September 8, 2008

Hector Medina's attorney plans to show why dad killed his two kids

By TIARA M. ELLIS / The Dallas Morning News
tellis@dallasnews.com

The defense attorney for a man accused of killing his two children said during opening statements at his trial today that she would show jurors why the shootings took place.

"This case is not a whodunit," said defense attorney Donna Winfield in the capital murder trial of Hector Medina. "The entire responsibility of what happened that day lies with Hector Medina. We want to know why."


Hector Rolando Medina Mr. Medina, 29, is accused of fatally shooting 8-month-old Diana and 3-year-old Javier before shooting himself in the head and neck in March 2007. If convicted, he faces the death penalty.

Ms. Winfield told the jury that she plans to show that Mr. Medina's girlfriend and mother of his children, Elia Martinez-Bermudez, now 24, had been having an affair with one of their roommates. Ms. Winfield also plans to call a mental health expert to testify about Mr. Medina's mindset.

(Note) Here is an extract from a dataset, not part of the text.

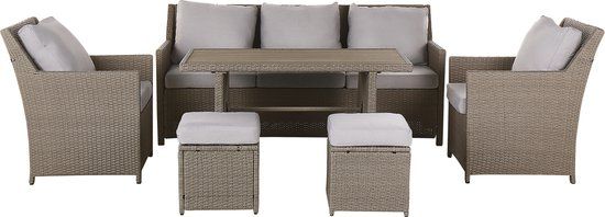 Coco Nathan/Rimini 75 cm 5-persoons Wicker Stoel Loungeset - Taupe-naturel-bruin

Prosecutor Pat Kirlin told the jury during opening statements that Ms. Martinez-Bermudez left Mr. Medina days before the shooting in March 2007, because he had threatened to kill her and their children. When she returned to their Irving home one day later from picking up her paycheck, Mr. Medina would not let her back into the home. Their children were inside.

After she left, a couple of the roommates reported hearing some doors bang shut, sounds which were later identified as gunshots, Mr. Kirlin said.

"He had put two bullets through each one of his children" Mr. Kirlin said.

The next day, a district judge granted a protective order to Ms. Martinez-Bermudez. She could not be reached for comment last week, but she is expected to testify during Mr. Medina's trial.

Mr. Medina, who is a citizen of El Salvador, was hospitalized for about a week and then taken to the Dallas County Jail. He has remained there on a federal immigration hold. The bullet remains in his neck, according to court records.

Irving police Sgt. Jef Swann said it's common for violence in an adult relationship to extend to children in the household.

"The husband or wife, if they can't take it out on that person, they'll take it out on the children," said Sgt. Swann, who oversees the Irving police family violence unit. "The kids are regularly caught in the middle."

In an affidavit for the protective order, Ms. Martinez-Bermudez said that "Hector has grabbed me, thrown me, pulled my hair and pinned me down and forced me to have sex with him numerous times."

The week before the shooting, the affidavit said, Mr. Medina assaulted her at the Irving house they shared with another family because she refused to have sex with him.

She said Mr. Medina told her that police would write her a ticket if she called them for no reason.

"Hector stated since I did not have any bruising they would not believe me," Ms. Martinez-Bermudez said. "I believed Hector, so I didn't call for help."